Copy Cat Legislation
If you follow state-level politics, you are probably familiar with the idea of “model legislation.” This is when someone, usually a lobbying group or think tank, creates a bill that can be copied and pasted among legislators in varying states with little or no changes. The practice is most closely associated with the notorious conservative group the American Legislative Exchange Council (ALEC), which is known for writing bills and sending them home with legislators from their lavish retreats.
The practice of model legislation and its association with ALEC first gained mainstream attention in 2012 after the shooting of Trayvon Martin. When Martin’s killer, George Zimmerman, was initially not charged due to a law in Florida few people had heard of called “Stand Your Ground,” reporters and activists did some digging and discovered Stand Your Ground laws had originated with ALEC and been passed in 24 states.

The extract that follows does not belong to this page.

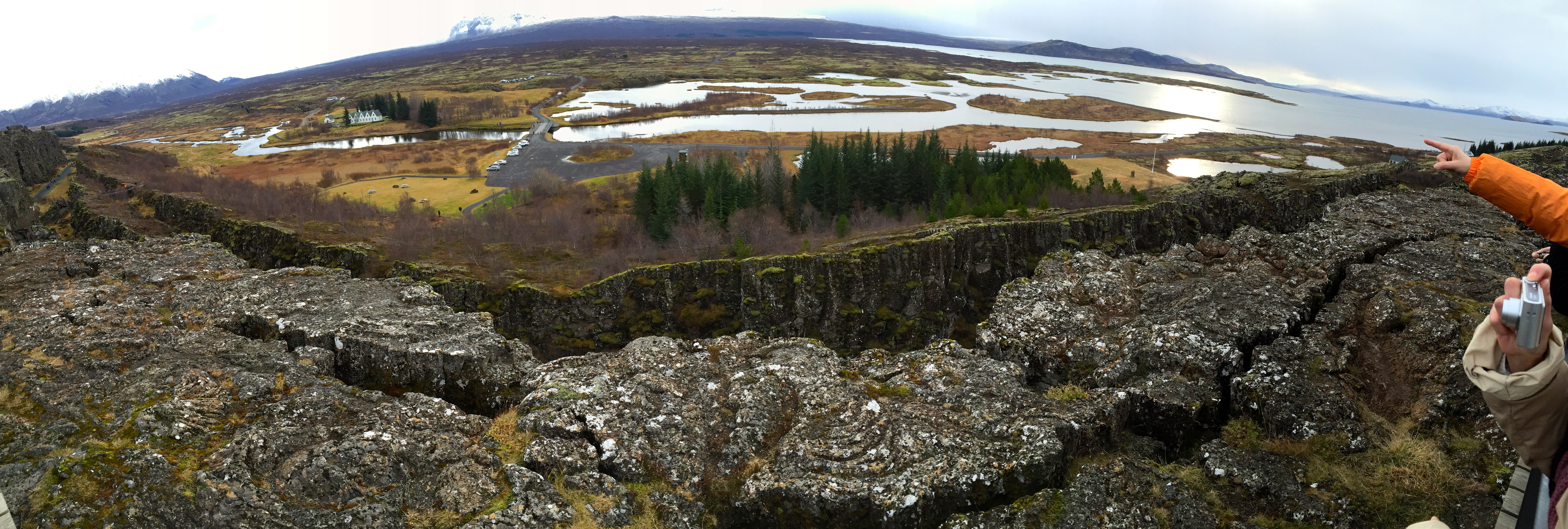 First stop on our bus tour was Þingvellir National Park which is a site of historical, cultural, and geological importance. This site is where the world’s oldest parliament started in the year 930, and its remains can still be seen today. It is the site of a rift valley that marks the crest of the Mid-Atlantic Ridge that separates the North American plate from the Eurasian Plate. One can literally walk between 2 continents here!

ALEC’s model bills often serve two purposes. In the first case, these bills are simply designed to benefit the corporations which sustain ALEC through generous donations. For example, the rise of private prisons across the US (including here in Arizona) was due in large part to ALEC legislation that served to benefit ALEC members the Corrections Corporation of America (now rebranded as CoreCivic) and other companies that profit from the prison industrial complex.
But many ALEC laws are even more insidious. They intentionally push radical conservative and libertarian ideologies with the purpose of testing out these radical ideas and essentially seeing what they can get away with. And while the popular idea of an ALEC model bill usually involves a hapless state legislator copying and pasting their name and state onto a document like a college freshman plagiarizing a term paper (which does happen), this model usually involves introducing similar but slightly different versions in states across the country. They know many of these radical bills, which often seek to fundamentally alter current understandings of Constitutional rights, will face legal challenges, and the changes allow conservative legal groups allied with ALEC, like Scottsdale’s Alliance Defending Freedom, to try out different strategies and see which bills can past muster with the courts. Instead of copying and pasting, it’s more like throwing a bunch of stuff at the wall and seeing what sticks.
For example, ALEC was notoriously behind Arizona’s infamous SB 1070. And while much of the media coverage focused on how the bill helped ALEC’s sponsors in the private prison industry, it is also important to understand how the bill was a trial balloon for radical anti-immigrant policy. While most of SB 1070 was gutted by the Supreme Court, it also inspired similar but not identical bills around the country, many of which have had more success in court. And of course, SB 1070 and other state-level attacks on immigration created fertile ground for President Trump’s 2016 anti-immigrant campaign.
And now things have come full circle as, with President Trump’s reelection campaign on the horizon, Governor Ducey and GOP legislators are pushing forward with a state constitutional amendment banning “sanctuary cities,” which immigrant rights activists are calling SB 1070 Version 2.0. And they are not wrong. The sanctuary city ban, while not in the original SB 1070, was a feature of many of the bills ALEC tried out and got passed in its wake.
And it is not just about immigration. Conservatives are also currently introducing slightly varying copycat legislation around the country attacking transgender youth, of which Sylvia Allen’s controversial bill to ban trans youth from school sports is just one. As writer Sydney Bauer explained in the New Republic last week, this is part of a “throw it against the wall” strategy to see what kinds of restrictions on the rights of trans youth will survive a court challenge.
The fight against reactionary legislation that attacks the rights of marginalized communities and benefits the wealthy and corporations is never about a single bill. It is about a long-term strategy on the other side and requires long-term strategic thinking from those of us who want to oppose it.